Here's another example. A landlord of an apartment complex wants to know whether a new carpet he's considering is appropriate for all the apartments in the building. And each of the four floors has eight apartments. So he could randomly select eight apartments from the building, and that would be a simple random sample. Or he could select randomly two apartments per floor, and that would be a stratified random sample.
Or, a third option would be a cluster sample. He could take a spinner like this and spin it. Suppose it landed on three here. That means that every apartment on the third floor would receive carpeting. He doesn't have to have the carpet installers going to all these different rooms on all these different floors. He can just say, OK, everyone go up to the third floor and install carpet in every room on that floor. It would be easier for him and just as cost effective. So that would be a cluster sample, as opposed to some other type of sample.

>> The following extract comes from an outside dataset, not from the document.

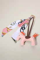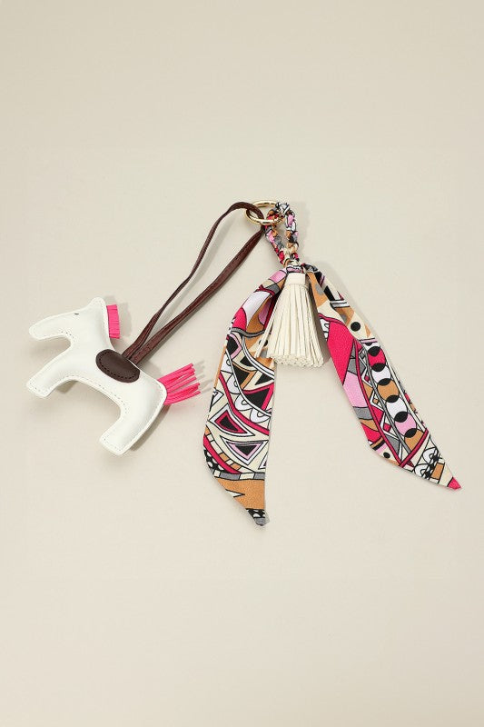 Add a playful pop to your everyday accessories with this Faux Leather Horse Tassel Scarf Keychain / Bag Charm. Crafted with soft faux leather, this whimsical horse design features vibrant tassel detailing and a silky printed scarf accent for a touch of flair.

Now just like every sampling method, cluster sampling has pros and cons. The biggest advantage is that it's easier than a simple random sample, and often it doesn't cost as much. And typically it gives similar results because the clusters are pretty heterogeneous already. The disadvantages are that maybe the clusters aren't heterogeneous, maybe they do have some characteristic other than just being geographically different from each other, that might affect the sample's findings.
For instance, in the previous problem with the carpet, it may be that people on third floor happen to have more pets than the other floors do, and so maybe that would affect how the carpet holds up. But typically, the clusters are pretty representative and typically, it's pretty similar to a simple random sample.
So to recap. Cluster sampling is done by taking naturally-occurring-- typically geographically-- similar groups, and taking a simple random sample of the clusters. And then each member in the cluster becomes part of the sample. Typically they are more cost effective, they're faster to do, and a lot of the times that's exactly what most polling organizations I know do.
So the terms that we talked about were a cluster sample, which is the process, and then the clusters, which were the groups that formed the sample. Good luck and we'll see you next time.